You can write data out of s-Server to a file in Hadoop/HDFS or Azure/ADLS from a stream or table. The Hadoop ECDA adapter automatically uploads a file to a designated Hadoop file system location designated by the HDFS_OUTPUT_DIR property. s-Server implements an HDFS client to connect to an HDFS server.

s-Server formats files for HDFS according to the same principles as it does for writing to the file system. See Writing to the File System for more details. You can specify how files rotate according to time, size, or both, and you can specify how rotated files are named.

To write from local locations, you configure and launch the adapter in SQL, using either server or foreign stream/table options. See Writing to HDFS Using SQL below. To write from remote locations, you configure such options using a properties file and launch the agent at the command line. See Writing to HDFS Using the ECD Agent below.
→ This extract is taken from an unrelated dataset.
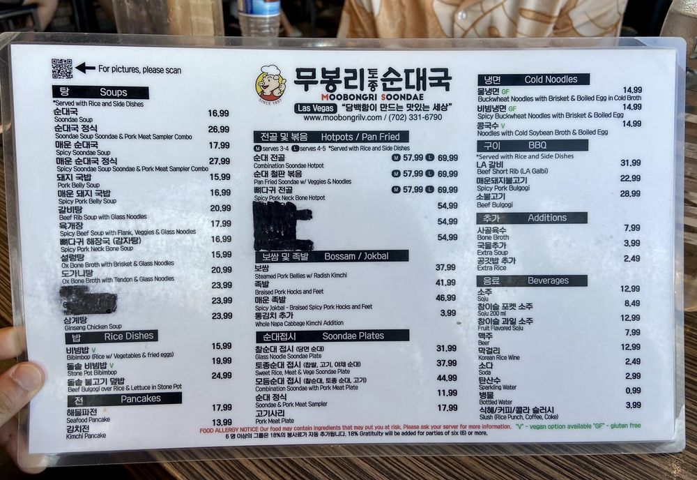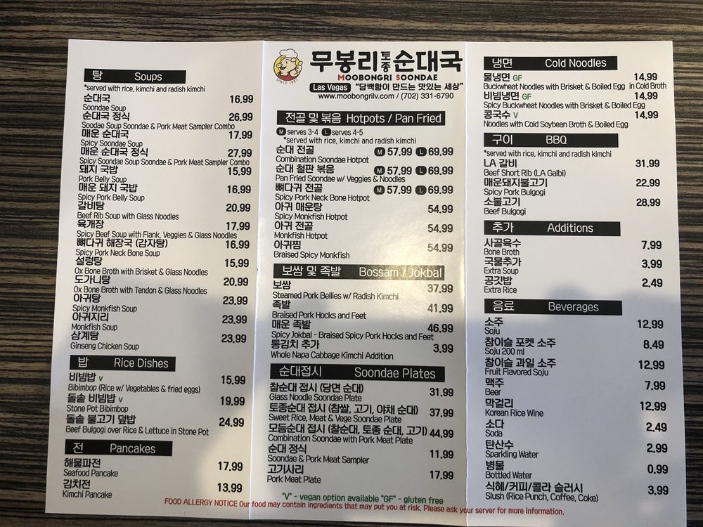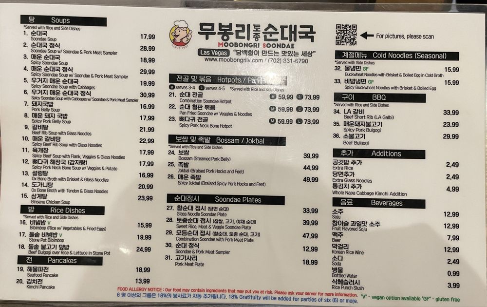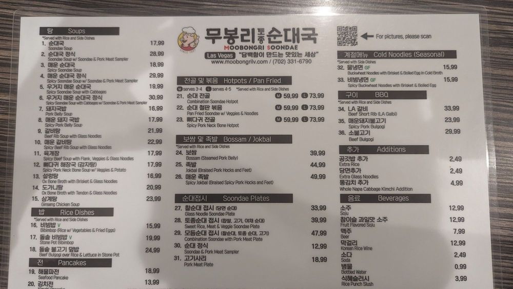 Moobongri Soondae, a Korean restaurant located in Las Vegas, offers a variety of delicious soup and noodle dishes. The menu boasts options such as Korean Blood Sausage Soup, Spicy Korean Blood Sausage Soup, and Assorted Korean Blood Sausage. Customers rave about the great food, excellent service, and clean environment. The restaurant is recommended by many, with one customer praising the authenticity and warmth of the staff. Standout dishes like the Bossam and pork bulgogi have left patrons highly satisfied. The restaurant also offers a range of amenities such as outdoor seating, catering services, and Wi-Fi, making it a versatile and convenient dining choice. For a taste of genuine Korean cuisine in Vegas, Moobongri Soondae is the go-to spot with its flavorful offerings and welcoming ambiance.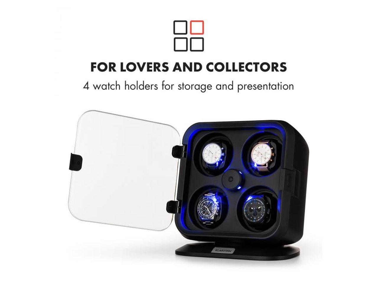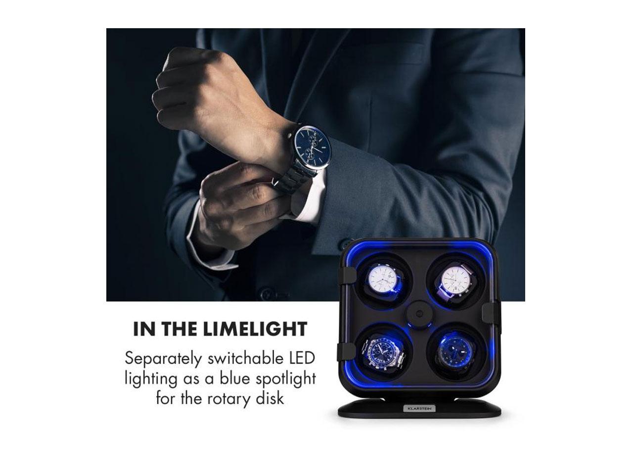K dokonalému skladování hodinek však nepatří pouze technický aspekt: hodinky s automatickým natahováním chtějí být a měly by být viděny! Perfektní prezentační design pohyblivého stojanu na hodinky Klarstein Clover to má na zřeteli. Jeho elegantní, černá skříňka umožní ty nejlepší pohledy díky průhledným předním dvířkům. Přepínatelné modré LED osvětlení dodává otočnému podstavci nevtíravé bodové osvětlení a šikovně uvádí uložené hodinky na scénu.

Files can be formatted as CSV, Avro, XML, JSON, or BSON. These files do not require further formatting in order to be integrated with Hadoop/ADLS. (Once in the Hadoop file system, these files will be accessed by second-level systems such as Hive. See https://cwiki.apache.org/confluence/display/Hive/Home for more details on Hive.)
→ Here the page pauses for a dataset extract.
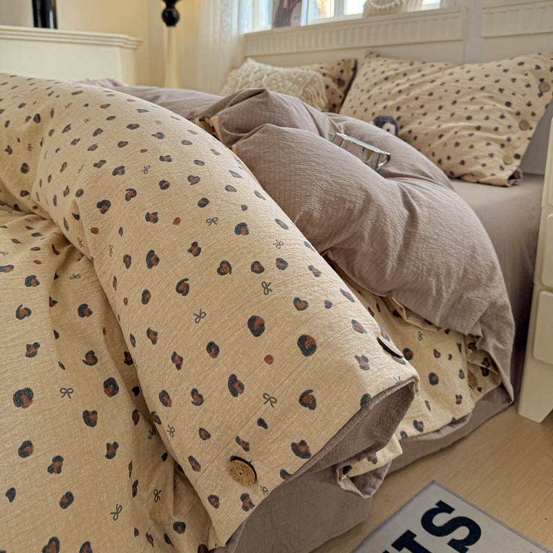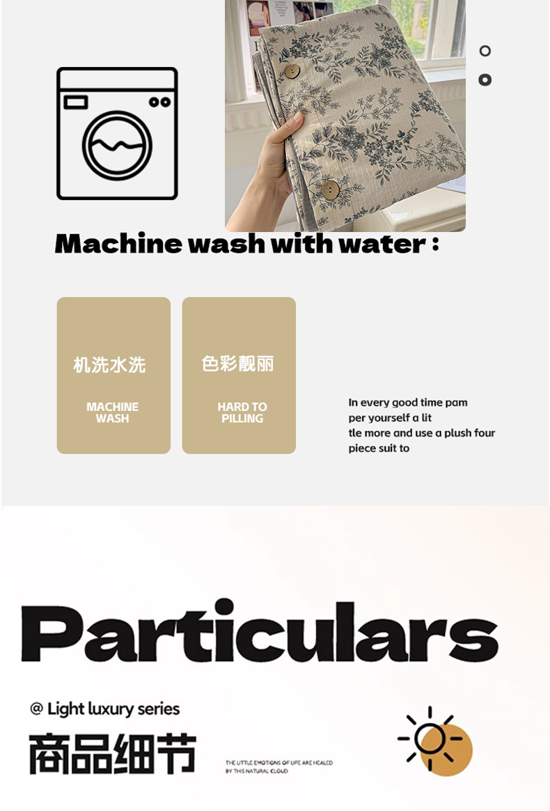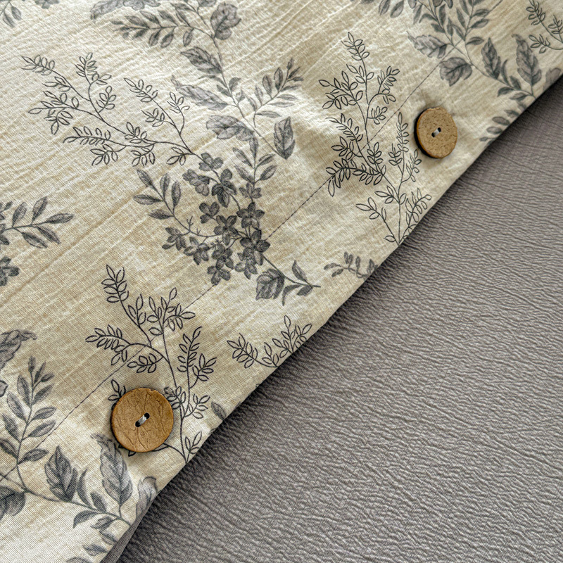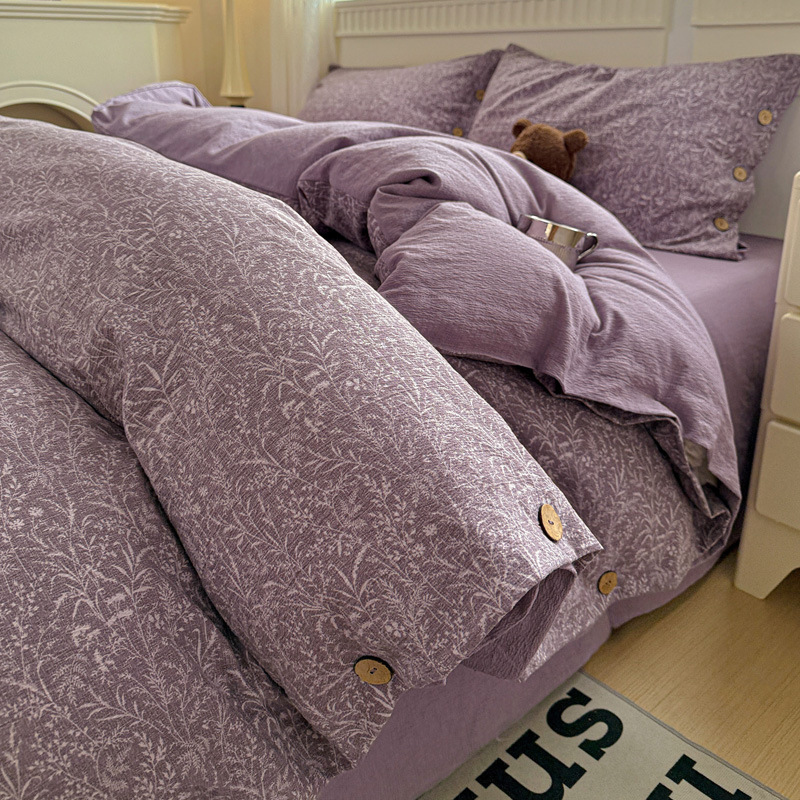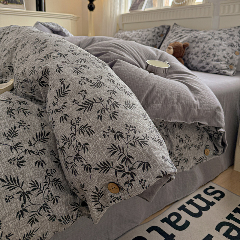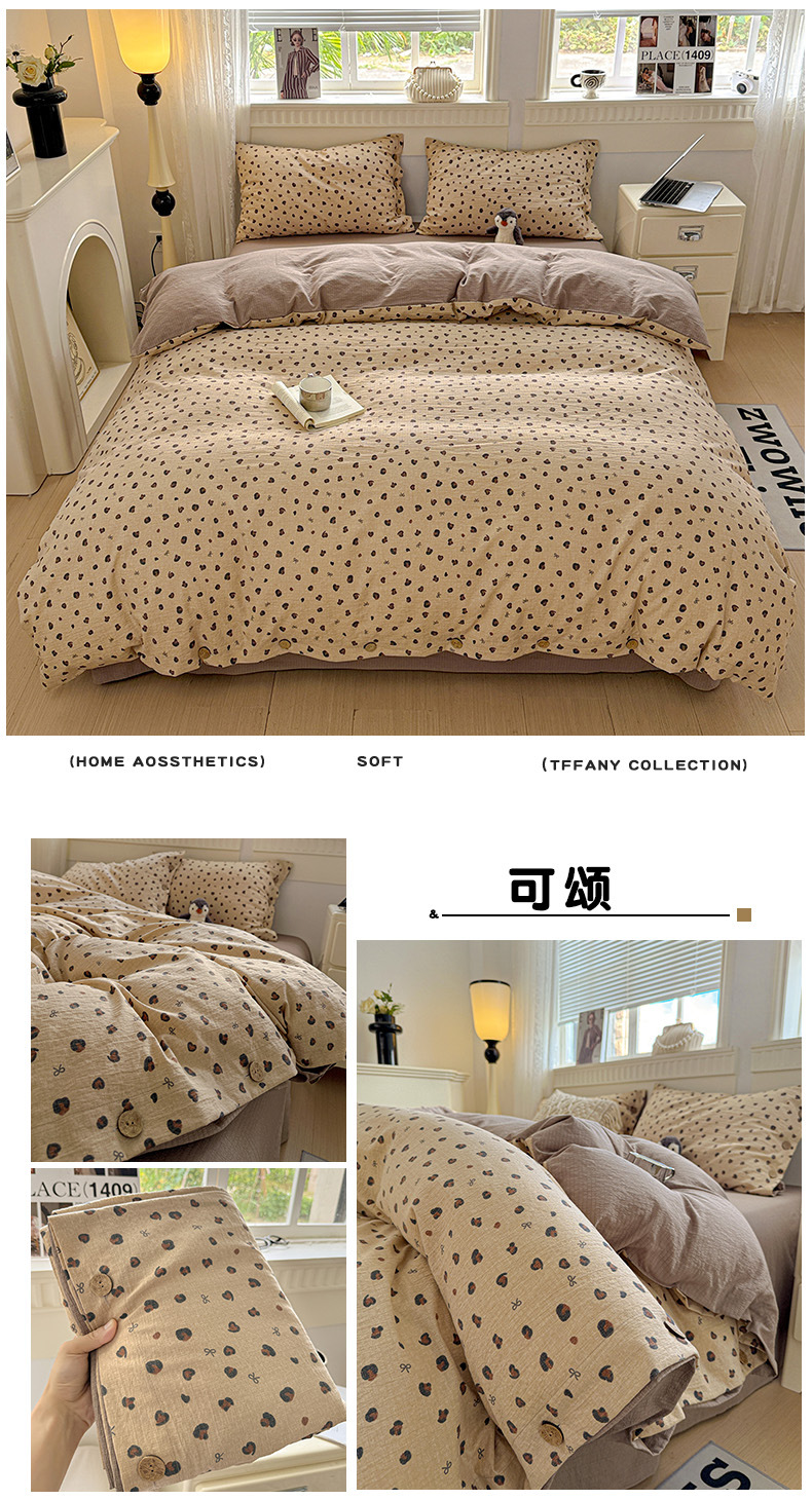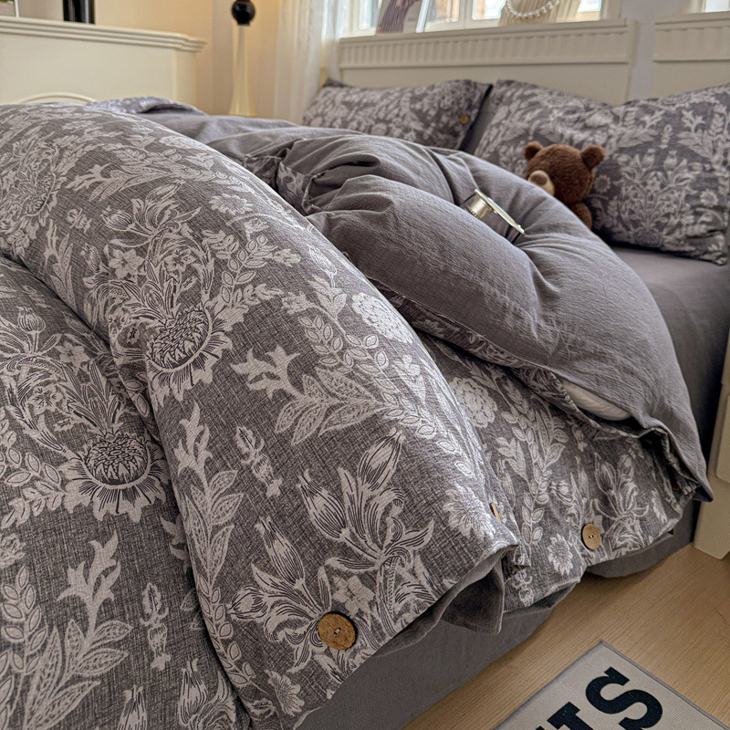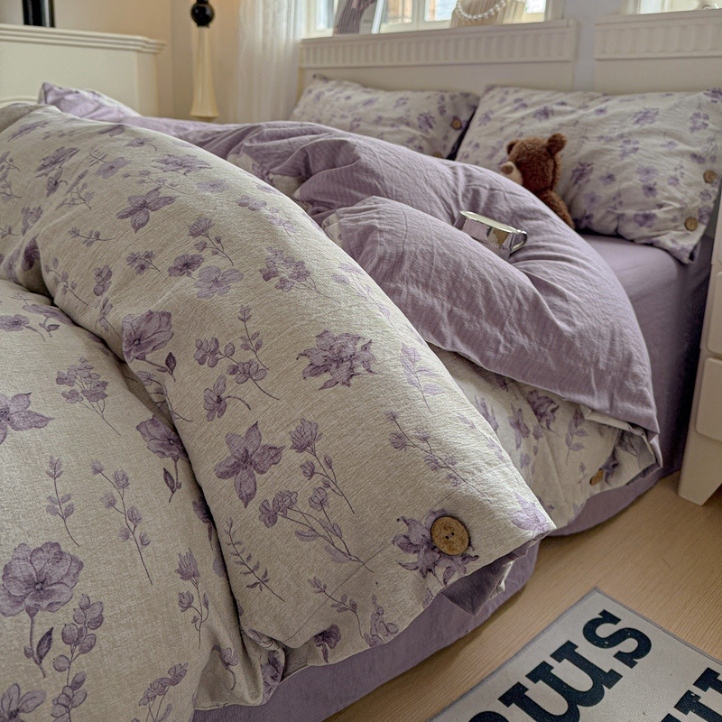 纯棉原麻四件套复古碎花纽扣款全棉床单笠被罩三件套a类床上用品

For ADLS, support is only for ADLS Gen2 - sending data to the ADLS Gen2 location designated by the HDFS_OUTPUT_DIR property using this pattern: abfs://<container_name>@<account_name>/path/to/destination .

This topic includes the following sections:

Writing to HDFS Using SQL

For adapters, you configure and launch the adapter in SQL, using either server or foreign stream/table options. For more information on creating foreign streams, see the topic CREATE FOREIGN STREAM in the Streaming SQL Reference Guide.

To write data to HDFS, you need to create a foreign stream that references the prebuilt server object HDFS_SERVER.

Required parameters are:

  • AUTH_USERNAME
  • HDFS_OUTPUT_DIR
  • FORMATTER
  • FILENAME_PREFIX
  • FILENAME_SUFFIX
  • Either FILE_ROTATION_TIME or FILE_ROTATION_SIZE

All foreign streams must be created within a schema. The following code first creates a schema in which to run the rest of the sample code below, then creates a foreign stream named hadoopschema.hdfssink.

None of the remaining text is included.